WHAT NEEDS TO BE DONE:
The entries below should be written out again exactly as they stand.

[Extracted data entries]

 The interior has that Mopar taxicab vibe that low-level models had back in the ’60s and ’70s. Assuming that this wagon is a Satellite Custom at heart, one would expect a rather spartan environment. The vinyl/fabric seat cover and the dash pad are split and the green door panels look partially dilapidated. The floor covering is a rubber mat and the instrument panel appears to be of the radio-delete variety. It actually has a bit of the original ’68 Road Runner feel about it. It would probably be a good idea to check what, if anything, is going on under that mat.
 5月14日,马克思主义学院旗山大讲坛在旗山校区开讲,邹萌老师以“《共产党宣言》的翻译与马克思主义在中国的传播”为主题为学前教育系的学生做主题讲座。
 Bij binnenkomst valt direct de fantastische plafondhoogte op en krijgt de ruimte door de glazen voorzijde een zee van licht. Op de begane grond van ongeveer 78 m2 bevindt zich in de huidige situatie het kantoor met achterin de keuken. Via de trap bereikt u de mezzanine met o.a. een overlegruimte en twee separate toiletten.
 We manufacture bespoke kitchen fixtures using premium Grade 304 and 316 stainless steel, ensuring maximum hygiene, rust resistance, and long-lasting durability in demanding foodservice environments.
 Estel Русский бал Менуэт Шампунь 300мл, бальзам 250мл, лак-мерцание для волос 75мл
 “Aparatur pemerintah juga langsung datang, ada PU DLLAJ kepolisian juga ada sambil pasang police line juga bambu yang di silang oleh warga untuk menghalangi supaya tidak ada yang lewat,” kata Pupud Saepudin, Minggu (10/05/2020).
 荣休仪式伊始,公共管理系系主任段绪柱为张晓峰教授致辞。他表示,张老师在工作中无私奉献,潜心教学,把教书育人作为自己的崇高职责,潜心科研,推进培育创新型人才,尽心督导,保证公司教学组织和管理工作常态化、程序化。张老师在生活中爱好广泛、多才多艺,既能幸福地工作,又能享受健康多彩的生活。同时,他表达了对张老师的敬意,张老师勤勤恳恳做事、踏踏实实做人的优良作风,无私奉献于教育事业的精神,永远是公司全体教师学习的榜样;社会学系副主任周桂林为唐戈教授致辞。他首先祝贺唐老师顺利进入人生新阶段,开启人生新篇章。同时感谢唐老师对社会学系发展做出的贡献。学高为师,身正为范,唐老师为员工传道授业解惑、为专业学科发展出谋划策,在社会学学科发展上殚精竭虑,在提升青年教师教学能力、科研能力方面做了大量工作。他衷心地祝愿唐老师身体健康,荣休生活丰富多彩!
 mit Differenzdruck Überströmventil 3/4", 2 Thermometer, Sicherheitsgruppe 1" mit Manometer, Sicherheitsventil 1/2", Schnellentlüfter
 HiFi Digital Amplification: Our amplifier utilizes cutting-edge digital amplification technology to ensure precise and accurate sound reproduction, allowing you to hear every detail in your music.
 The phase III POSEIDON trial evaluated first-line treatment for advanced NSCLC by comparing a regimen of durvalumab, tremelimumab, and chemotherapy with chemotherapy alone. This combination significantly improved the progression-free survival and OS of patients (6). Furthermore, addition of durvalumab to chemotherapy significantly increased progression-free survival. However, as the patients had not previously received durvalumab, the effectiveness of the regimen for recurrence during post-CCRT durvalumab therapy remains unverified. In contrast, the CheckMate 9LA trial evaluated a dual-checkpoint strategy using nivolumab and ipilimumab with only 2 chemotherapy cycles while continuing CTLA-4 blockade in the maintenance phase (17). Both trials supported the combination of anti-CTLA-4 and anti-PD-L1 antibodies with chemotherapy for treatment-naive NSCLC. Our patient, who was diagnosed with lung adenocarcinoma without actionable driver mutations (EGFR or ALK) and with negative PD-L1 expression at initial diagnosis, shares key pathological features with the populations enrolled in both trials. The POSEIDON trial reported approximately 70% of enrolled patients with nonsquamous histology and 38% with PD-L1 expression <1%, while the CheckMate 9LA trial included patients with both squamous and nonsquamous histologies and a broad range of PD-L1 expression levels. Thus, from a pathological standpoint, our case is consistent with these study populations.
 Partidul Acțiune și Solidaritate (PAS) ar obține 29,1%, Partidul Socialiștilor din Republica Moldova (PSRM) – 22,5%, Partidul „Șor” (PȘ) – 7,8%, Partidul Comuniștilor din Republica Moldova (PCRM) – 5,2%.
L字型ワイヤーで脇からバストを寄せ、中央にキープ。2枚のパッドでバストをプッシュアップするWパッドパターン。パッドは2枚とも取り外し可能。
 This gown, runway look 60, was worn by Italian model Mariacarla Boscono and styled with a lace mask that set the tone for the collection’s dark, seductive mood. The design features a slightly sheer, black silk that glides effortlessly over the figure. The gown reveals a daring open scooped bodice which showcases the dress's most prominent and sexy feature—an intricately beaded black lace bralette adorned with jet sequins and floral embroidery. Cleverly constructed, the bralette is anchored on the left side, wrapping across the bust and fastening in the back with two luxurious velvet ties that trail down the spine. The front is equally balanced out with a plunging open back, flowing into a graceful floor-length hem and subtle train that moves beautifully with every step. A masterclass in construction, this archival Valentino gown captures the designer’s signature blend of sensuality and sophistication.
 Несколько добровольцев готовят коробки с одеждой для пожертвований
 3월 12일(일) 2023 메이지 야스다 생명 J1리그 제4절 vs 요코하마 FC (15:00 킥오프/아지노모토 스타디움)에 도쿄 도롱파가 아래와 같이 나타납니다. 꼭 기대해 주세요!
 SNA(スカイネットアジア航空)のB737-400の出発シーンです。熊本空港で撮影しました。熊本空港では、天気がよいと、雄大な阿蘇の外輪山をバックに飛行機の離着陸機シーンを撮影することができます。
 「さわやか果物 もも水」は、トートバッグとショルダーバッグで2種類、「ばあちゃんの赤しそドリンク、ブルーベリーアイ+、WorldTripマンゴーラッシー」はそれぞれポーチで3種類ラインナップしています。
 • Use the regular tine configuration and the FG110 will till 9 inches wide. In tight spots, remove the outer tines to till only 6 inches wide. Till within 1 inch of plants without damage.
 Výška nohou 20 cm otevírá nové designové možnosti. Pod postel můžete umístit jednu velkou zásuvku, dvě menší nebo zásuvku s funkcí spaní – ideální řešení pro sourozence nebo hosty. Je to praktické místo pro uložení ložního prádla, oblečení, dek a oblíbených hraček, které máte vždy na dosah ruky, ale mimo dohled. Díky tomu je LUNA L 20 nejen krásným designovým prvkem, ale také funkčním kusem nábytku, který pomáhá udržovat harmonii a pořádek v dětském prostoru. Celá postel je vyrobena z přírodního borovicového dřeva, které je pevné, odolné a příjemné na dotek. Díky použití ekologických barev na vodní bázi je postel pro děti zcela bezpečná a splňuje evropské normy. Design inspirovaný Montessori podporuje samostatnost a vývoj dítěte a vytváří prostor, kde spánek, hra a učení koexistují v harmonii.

ANSWER TO THE EXERCISE:
 The interior has that Mopar taxicab vibe that low-level models had back in the ’60s and ’70s. Assuming that this wagon is a Satellite Custom at heart, one would expect a rather spartan environment. The vinyl/fabric seat cover and the dash pad are split and the green door panels look partially dilapidated. The floor covering is a rubber mat and the instrument panel appears to be of the radio-delete variety. It actually has a bit of the original ’68 Road Runner feel about it. It would probably be a good idea to check what, if anything, is going on under that mat.
 5月14日,马克思主义学院旗山大讲坛在旗山校区开讲,邹萌老师以“《共产党宣言》的翻译与马克思主义在中国的传播”为主题为学前教育系的学生做主题讲座。
 Bij binnenkomst valt direct de fantastische plafondhoogte op en krijgt de ruimte door de glazen voorzijde een zee van licht. Op de begane grond van ongeveer 78 m2 bevindt zich in de huidige situatie het kantoor met achterin de keuken. Via de trap bereikt u de mezzanine met o.a. een overlegruimte en twee separate toiletten.
 We manufacture bespoke kitchen fixtures using premium Grade 304 and 316 stainless steel, ensuring maximum hygiene, rust resistance, and long-lasting durability in demanding foodservice environments.
 Estel Русский бал Менуэт Шампунь 300мл, бальзам 250мл, лак-мерцание для волос 75мл
 “Aparatur pemerintah juga langsung datang, ada PU DLLAJ kepolisian juga ada sambil pasang police line juga bambu yang di silang oleh warga untuk menghalangi supaya tidak ada yang lewat,” kata Pupud Saepudin, Minggu (10/05/2020).
 荣休仪式伊始,公共管理系系主任段绪柱为张晓峰教授致辞。他表示,张老师在工作中无私奉献,潜心教学,把教书育人作为自己的崇高职责,潜心科研,推进培育创新型人才,尽心督导,保证公司教学组织和管理工作常态化、程序化。张老师在生活中爱好广泛、多才多艺,既能幸福地工作,又能享受健康多彩的生活。同时,他表达了对张老师的敬意,张老师勤勤恳恳做事、踏踏实实做人的优良作风,无私奉献于教育事业的精神,永远是公司全体教师学习的榜样;社会学系副主任周桂林为唐戈教授致辞。他首先祝贺唐老师顺利进入人生新阶段,开启人生新篇章。同时感谢唐老师对社会学系发展做出的贡献。学高为师,身正为范,唐老师为员工传道授业解惑、为专业学科发展出谋划策,在社会学学科发展上殚精竭虑,在提升青年教师教学能力、科研能力方面做了大量工作。他衷心地祝愿唐老师身体健康,荣休生活丰富多彩!
 mit Differenzdruck Überströmventil 3/4", 2 Thermometer, Sicherheitsgruppe 1" mit Manometer, Sicherheitsventil 1/2", Schnellentlüfter
 HiFi Digital Amplification: Our amplifier utilizes cutting-edge digital amplification technology to ensure precise and accurate sound reproduction, allowing you to hear every detail in your music.
 The phase III POSEIDON trial evaluated first-line treatment for advanced NSCLC by comparing a regimen of durvalumab, tremelimumab, and chemotherapy with chemotherapy alone. This combination significantly improved the progression-free survival and OS of patients (6). Furthermore, addition of durvalumab to chemotherapy significantly increased progression-free survival. However, as the patients had not previously received durvalumab, the effectiveness of the regimen for recurrence during post-CCRT durvalumab therapy remains unverified. In contrast, the CheckMate 9LA trial evaluated a dual-checkpoint strategy using nivolumab and ipilimumab with only 2 chemotherapy cycles while continuing CTLA-4 blockade in the maintenance phase (17). Both trials supported the combination of anti-CTLA-4 and anti-PD-L1 antibodies with chemotherapy for treatment-naive NSCLC. Our patient, who was diagnosed with lung adenocarcinoma without actionable driver mutations (EGFR or ALK) and with negative PD-L1 expression at initial diagnosis, shares key pathological features with the populations enrolled in both trials. The POSEIDON trial reported approximately 70% of enrolled patients with nonsquamous histology and 38% with PD-L1 expression <1%, while the CheckMate 9LA trial included patients with both squamous and nonsquamous histologies and a broad range of PD-L1 expression levels. Thus, from a pathological standpoint, our case is consistent with these study populations.
 Partidul Acțiune și Solidaritate (PAS) ar obține 29,1%, Partidul Socialiștilor din Republica Moldova (PSRM) – 22,5%, Partidul „Șor” (PȘ) – 7,8%, Partidul Comuniștilor din Republica Moldova (PCRM) – 5,2%.
L字型ワイヤーで脇からバストを寄せ、中央にキープ。2枚のパッドでバストをプッシュアップするWパッドパターン。パッドは2枚とも取り外し可能。
 This gown, runway look 60, was worn by Italian model Mariacarla Boscono and styled with a lace mask that set the tone for the collection’s dark, seductive mood. The design features a slightly sheer, black silk that glides effortlessly over the figure. The gown reveals a daring open scooped bodice which showcases the dress's most prominent and sexy feature—an intricately beaded black lace bralette adorned with jet sequins and floral embroidery. Cleverly constructed, the bralette is anchored on the left side, wrapping across the bust and fastening in the back with two luxurious velvet ties that trail down the spine. The front is equally balanced out with a plunging open back, flowing into a graceful floor-length hem and subtle train that moves beautifully with every step. A masterclass in construction, this archival Valentino gown captures the designer’s signature blend of sensuality and sophistication.
 Несколько добровольцев готовят коробки с одеждой для пожертвований
 3월 12일(일) 2023 메이지 야스다 생명 J1리그 제4절 vs 요코하마 FC (15:00 킥오프/아지노모토 스타디움)에 도쿄 도롱파가 아래와 같이 나타납니다. 꼭 기대해 주세요!
 SNA(スカイネットアジア航空)のB737-400の出発シーンです。熊本空港で撮影しました。熊本空港では、天気がよいと、雄大な阿蘇の外輪山をバックに飛行機の離着陸機シーンを撮影することができます。
 「さわやか果物 もも水」は、トートバッグとショルダーバッグで2種類、「ばあちゃんの赤しそドリンク、ブルーベリーアイ+、WorldTripマンゴーラッシー」はそれぞれポーチで3種類ラインナップしています。
 • Use the regular tine configuration and the FG110 will till 9 inches wide. In tight spots, remove the outer tines to till only 6 inches wide. Till within 1 inch of plants without damage.
 Výška nohou 20 cm otevírá nové designové možnosti. Pod postel můžete umístit jednu velkou zásuvku, dvě menší nebo zásuvku s funkcí spaní – ideální řešení pro sourozence nebo hosty. Je to praktické místo pro uložení ložního prádla, oblečení, dek a oblíbených hraček, které máte vždy na dosah ruky, ale mimo dohled. Díky tomu je LUNA L 20 nejen krásným designovým prvkem, ale také funkčním kusem nábytku, který pomáhá udržovat harmonii a pořádek v dětském prostoru. Celá postel je vyrobena z přírodního borovicového dřeva, které je pevné, odolné a příjemné na dotek. Díky použití ekologických barev na vodní bázi je postel pro děti zcela bezpečná a splňuje evropské normy. Design inspirovaný Montessori podporuje samostatnost a vývoj dítěte a vytváří prostor, kde spánek, hra a učení koexistují v harmonii.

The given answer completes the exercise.